Bevacizumab (Panoilia 2015) • nlmixr2lib

Model and source

Citation: Panoilia E, Schindler E, Samantas E, Aravantinos G, Kalofonos HP, Christodoulou C, Patrinos GP, Friberg LE, Sivolapenko G. A pharmacokinetic binding model for bevacizumab and VEGF165 in colorectal cancer patients. Cancer Chemother Pharmacol. 2015;75(4):791-803. doi:[10.1007/s00280-015-2701-3](https://doi.org/10.1007/s00280-015-2701-3).
Description: Two-compartment quasi-steady-state target-mediated drug-disposition (TMDD QSS) model for IV bevacizumab and free VEGF165 in adults with stage IV metastatic colorectal cancer (mCRC), with body weight as the only covariate (allometric power scaling with fixed exponents 0.75 on CL and Q, 1 on V1 and V2). Final-model values come from Table 3 (TMDD model column) of Panoilia 2015.
Modality: Therapeutic anti-VEGF-A monoclonal antibody (humanized IgG1, MW about 149 kDa) bound to a soluble target (free VEGF165, MW about 40 kDa back-calculated from the paper’s BM0 dual-unit reporting).

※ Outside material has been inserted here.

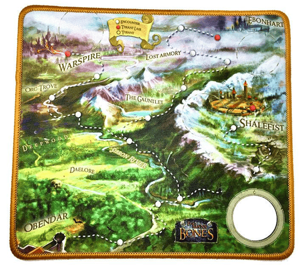 Adventure Map 2.0 gives you a visual way to track your progress points in both Too Many Bones and Too Many Bones: Undertow! Using the glass bead included with your core game box, the Adventure Mat replaces your Day Counter card and removes the need to manually track your progress. This two-sided beautiful neoprene mat features a labeled map of northern Daelore on one side and southern Daelore on the other. Illustrated by Anthony LeTourneau, the Adventure Map 2.0 is also edge-stitched for added durability and beauty.
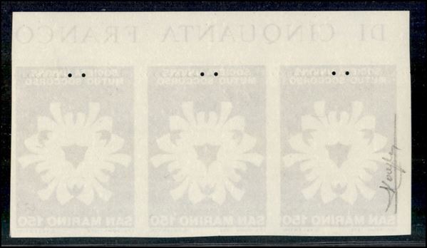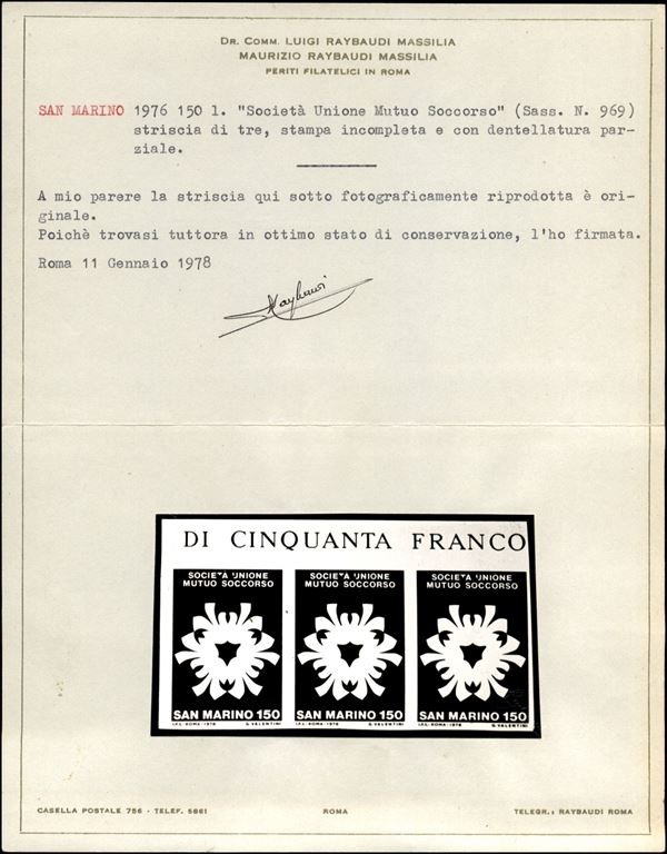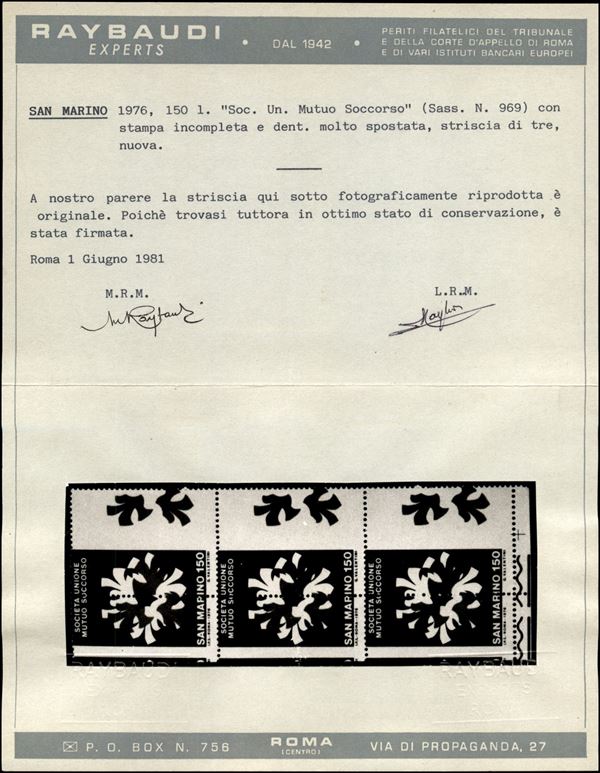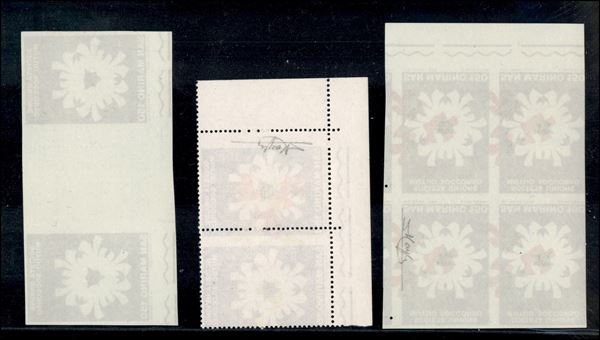 1976 - 150 lire Mutuo Soccorso (969) - Errori di Stampa e Dentellatura - quartina + 2 coppie + 2 strisce di tre - tutte varietà diverse - splendido insieme - gomma integra - cert Raybaudi

This vignette validates the binding TMDD-QSS model. Panoilia 2015 also fits a stand-alone descriptive PK model for bevacizumab (Table 3, PK model column) used internally as a base before linking the binding component; only the final TMDD model is packaged here.

Population

The Panoilia 2015 cohort comprised 19 adult patients with histologically confirmed stage IV colorectal cancer (ECOG 0-2) treated at three Greek clinics. Baseline demographics (paper “Patients and samples”, page 797):

Sex: 58% male, 42% female (11 M / 8 F).
Median age 60 years (range 37-73).
Median body weight 70 kg (range 50-94).
Race / ethnicity: not formally tabulated; single-country (Greek) observational study.
Dosing regimens: 5 mg/kg IV every 2 weeks (BEV-FOLFIRI or BEV-FOLFOX, n = 10), 7.5 mg/kg IV every 3 weeks (BEV-CAPIRI, n = 9), or 10 mg/kg every 2 weeks (1 patient, BEV-FOLFIRI).
Sample sizes: 86 total bevacizumab + 93 free VEGF165 serum concentrations, median 4 samples per patient (range 2-10).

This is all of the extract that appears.